UNITED STATES
SECURITIES AND EXCHANGE COMMISSION
WASHINGTON, D.C. 20549
FORM 8-K
CURRENT REPORT
Pursuant to Section 13 or 15(d) of the Securities Exchange Act of 1934
Date of Report (Date of Earliest Event Reported): | October 10, 2005 |
Sprint Nextel Corporation
__________________________________________
(Exact name of registrant as specified in its charter)
Kansas | 1-04721 | 48-0457967 |
_____________________ (State or other jurisdiction |
_____________ (Commission |
______________ (I.R.S. Employer |
of incorporation) | File Number) | Identification No.) |
2001 Edmund Halley Drive , Lega Department , Reston, Virginia | 20191 | |
_________________________________ (Address of principal executive offices) |
___________ (Zip Code) |
Registrants telephone number, including area code: | 703-433-4000 |
Not Applicable
______________________________________________
Former name or former address, if changed since last report
Check the appropriate box below if the Form 8-K filing is intended to simultaneously satisfy the filing obligation of the registrant under any of the following provisions:
[ ] Written communications pursuant to Rule 425 under the Securities Act (17 CFR 230.425)
[ ] Soliciting material pursuant to Rule 14a-12 under the Exchange Act (17 CFR 240.14a-12)
[ ] Pre-commencement communications pursuant to Rule 14d-2(b) under the Exchange Act (17 CFR 240.14d-2(b))
[ ] Pre-commencement communications pursuant to Rule 13e-4(c) under the Exchange Act (17 CFR 240.13e-4(c))
Item 1.01 Entry into a Material Definitive Agreement.

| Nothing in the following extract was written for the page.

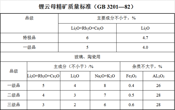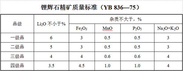 (2)按化学成分锂辉石精矿分为四级,以干矿品位计算。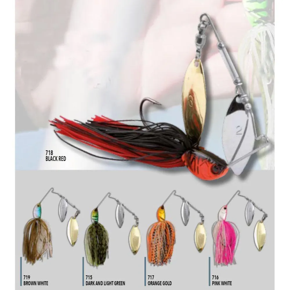 Equipado con dos palas Nomura que comienzan a girar en el instante en que el señuelo entra al agua, se convierte en un aliado inmediato para atraer peces depredadores. Su faldón de silicona proporciona un efecto pulsante durante la recuperación, añadiendo volumen y simulando una presa atractiva para los peces.

On October 10, 2005, the Human Capital and Compensation Committee of the Board of Director of Sprint Nextel Corporation ("Sprint Nextel") approved a new deferred compensation plan, to be effective January 1, 2006. Eligible participants will be employees of Sprint Nextel and its subsidiaries at director level and above and outside directors of Sprint Nextel.
Eligible employees will be allowed to elect, in the year before the compensation is earned, to contribute up to 75% of base salary and up to 100% of incentive compensation, in increments of 1%. Outside directors will be allowed to contribute up to 100% of director fees in increments of 1%. All contributions, and earnings credited to contributions, will be 100% vested.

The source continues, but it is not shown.